PROBLEM REQUIREMENTS
The full listing, written out exactly and without images, is the expected result.

SUPPLIED MATERIAL
==========

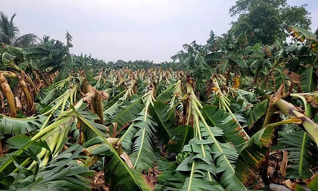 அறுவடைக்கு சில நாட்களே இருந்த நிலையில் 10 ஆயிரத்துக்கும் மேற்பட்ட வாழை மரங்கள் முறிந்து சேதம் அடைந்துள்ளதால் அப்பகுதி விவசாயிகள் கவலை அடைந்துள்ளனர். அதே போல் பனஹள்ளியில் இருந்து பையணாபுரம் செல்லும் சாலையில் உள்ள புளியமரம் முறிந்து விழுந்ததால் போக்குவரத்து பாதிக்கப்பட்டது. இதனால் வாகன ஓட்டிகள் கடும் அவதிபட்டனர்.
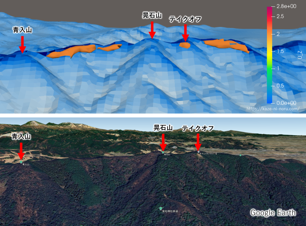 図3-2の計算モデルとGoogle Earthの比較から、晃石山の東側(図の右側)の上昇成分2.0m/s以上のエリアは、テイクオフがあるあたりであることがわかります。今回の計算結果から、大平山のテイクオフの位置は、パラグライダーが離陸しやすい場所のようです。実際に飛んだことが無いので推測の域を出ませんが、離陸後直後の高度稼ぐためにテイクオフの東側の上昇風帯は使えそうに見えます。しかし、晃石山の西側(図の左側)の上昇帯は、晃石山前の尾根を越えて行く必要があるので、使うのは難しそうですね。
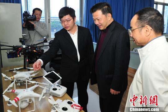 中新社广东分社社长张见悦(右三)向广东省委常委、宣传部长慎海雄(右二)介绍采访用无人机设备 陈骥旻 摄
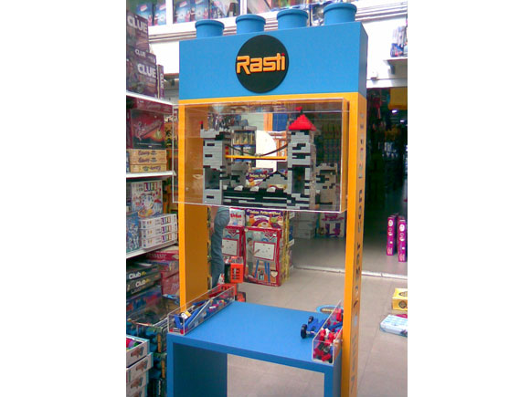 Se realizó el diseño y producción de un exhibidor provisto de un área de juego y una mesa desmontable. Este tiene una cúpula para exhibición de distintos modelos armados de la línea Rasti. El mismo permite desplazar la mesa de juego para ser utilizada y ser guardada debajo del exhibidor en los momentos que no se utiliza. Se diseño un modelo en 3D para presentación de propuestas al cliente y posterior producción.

==========

SOLUTION TO THIS TASK
 அறுவடைக்கு சில நாட்களே இருந்த நிலையில் 10 ஆயிரத்துக்கும் மேற்பட்ட வாழை மரங்கள் முறிந்து சேதம் அடைந்துள்ளதால் அப்பகுதி விவசாயிகள் கவலை அடைந்துள்ளனர். அதே போல் பனஹள்ளியில் இருந்து பையணாபுரம் செல்லும் சாலையில் உள்ள புளியமரம் முறிந்து விழுந்ததால் போக்குவரத்து பாதிக்கப்பட்டது. இதனால் வாகன ஓட்டிகள் கடும் அவதிபட்டனர்.
 図3-2の計算モデルとGoogle Earthの比較から、晃石山の東側(図の右側)の上昇成分2.0m/s以上のエリアは、テイクオフがあるあたりであることがわかります。今回の計算結果から、大平山のテイクオフの位置は、パラグライダーが離陸しやすい場所のようです。実際に飛んだことが無いので推測の域を出ませんが、離陸後直後の高度稼ぐためにテイクオフの東側の上昇風帯は使えそうに見えます。しかし、晃石山の西側(図の左側)の上昇帯は、晃石山前の尾根を越えて行く必要があるので、使うのは難しそうですね。
 中新社广东分社社长张见悦(右三)向广东省委常委、宣传部长慎海雄(右二)介绍采访用无人机设备 陈骥旻 摄
 Se realizó el diseño y producción de un exhibidor provisto de un área de juego y una mesa desmontable. Este tiene una cúpula para exhibición de distintos modelos armados de la línea Rasti. El mismo permite desplazar la mesa de juego para ser utilizada y ser guardada debajo del exhibidor en los momentos que no se utiliza. Se diseño un modelo en 3D para presentación de propuestas al cliente y posterior producción.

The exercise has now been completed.